(ATR) The third and final version of the Tokyo 2020 Playbooks for athletes and officials provides further details on testing procedures, protocols, quarantining, violations and consequences, and the important role of the COVID-19 Liaison Officers.
"These playbooks are very detailed – they incorporate the latest on science, but also the latest on sport," said IOC Olympic Games executive director Christophe Dubi, during a virtual news conference on Tuesday following the release of the latest edition.
"What is immensely important for us is the question of compliance – you heard us say on many occasions, what matters is not so much to have the playbooks, they are very important, but it is to respect the playbooks, respect the rules," stressed Dubi, who has recently arrived in Tokyo ahead of the Games.

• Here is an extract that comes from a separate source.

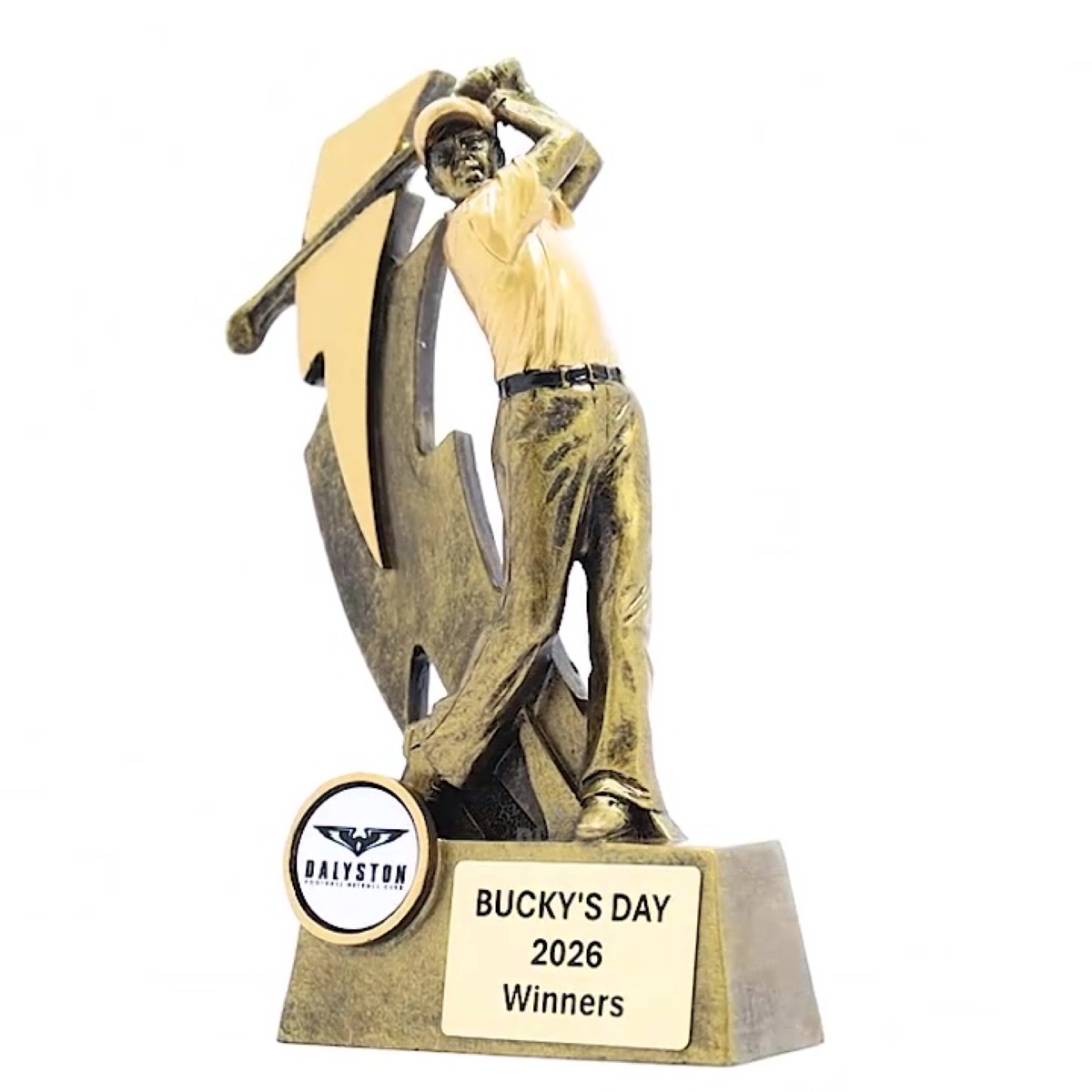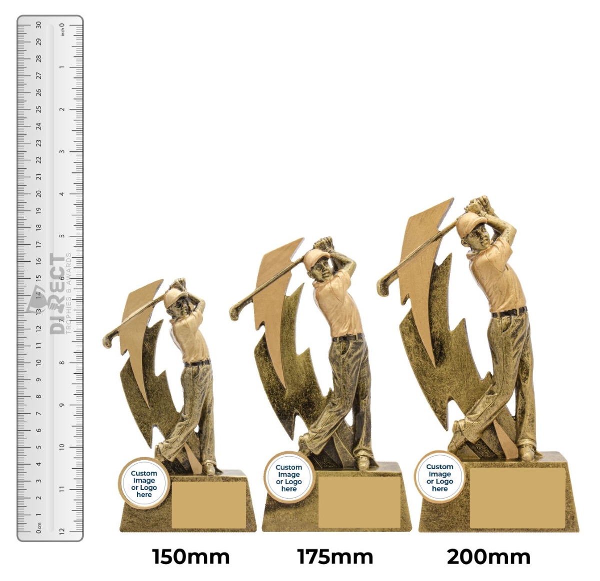 Introducing the Electrify Trophy Series: Marvel at the dynamic player captured in action with remarkable detail. Finished in a timeless classic gold color, it exudes elegance. Take advantage of our free laser engraving service to personalize your trophy. Available in various sizes, it’s the perfect choice to celebrate accomplishments in style.

IOC Olympic Games operations director Pierre Ducrey noted that either one or more COVID-19 Liaison Officers (CLOs) will be assigned to work closely with the NOCs and delegations depending upon their size. In total, some 3,000 CLOs will be on the ground and reporting to a Tokyo 2020 operations center.
"Their role is to make sure that their delegations know what they have to do at the time they have to do it – they will be here making the coordination between the organizers, the different organizations, the government if need be and the IOC," Ducrey informed.
"They really have a critical role to play and they will be working with us very closely to make sure all the COVID-related aspects are delivered in the most effective way possible."
More than 160 international and more than 200 Japanese journalists joined the one-hour news conference from Tokyo via digital channels.
Numerous questions were posed not only about athlete testing, timing and protocol, but also about the potential breach of rules and the severity of punishment for transgressions including disqualification, as well as various international media procedures and clarifications.
"What is in the playbook is a range – a range of possibilities to give an overall impression of what could happen in case of sanctions and it is also to reinforce the message that playbooks are here to be followed – no transgressions," Dubi said.
Dubi confirmed that rules infractions – whether committed by athletes or stakeholders – will be handled by an IOC Disciplinary Commission. He noted that penalties can range from warnings to disqualification or financial sanctions.
"The Disciplinary Commission can take a number of measures, and obviously we will not speculate about which case will lead to which sanctions – this is the role of the commission and hopefully, at Games-time it will have very little work," Dubi added.
Tokyo 2020 spokesperson Masa Takaya advised media that operational and procedural questions, despite some journalists expressing urgency for answers, will be addressed at a later time.
Nakamura on Athlete Procedures in Tokyo
Tokyo 2020 operations chief Nakamura Hidemasa offered insight into additional specifics and regulations, notably about testing and potential positive cases, that athletes must adhere to.
"We want to be a help to athletes – we want to make sure we are not making a negative impact on athletes competing at the Game," Nakamura said.
Page 60 of the 70-page version three playbook notes that athletes and officials will undergo daily screening testing with a quantitative saliva antigen test. If a positive case results, a saliva PCR will be taken from the same sample. Results are expected to be confirmed within 12 hours.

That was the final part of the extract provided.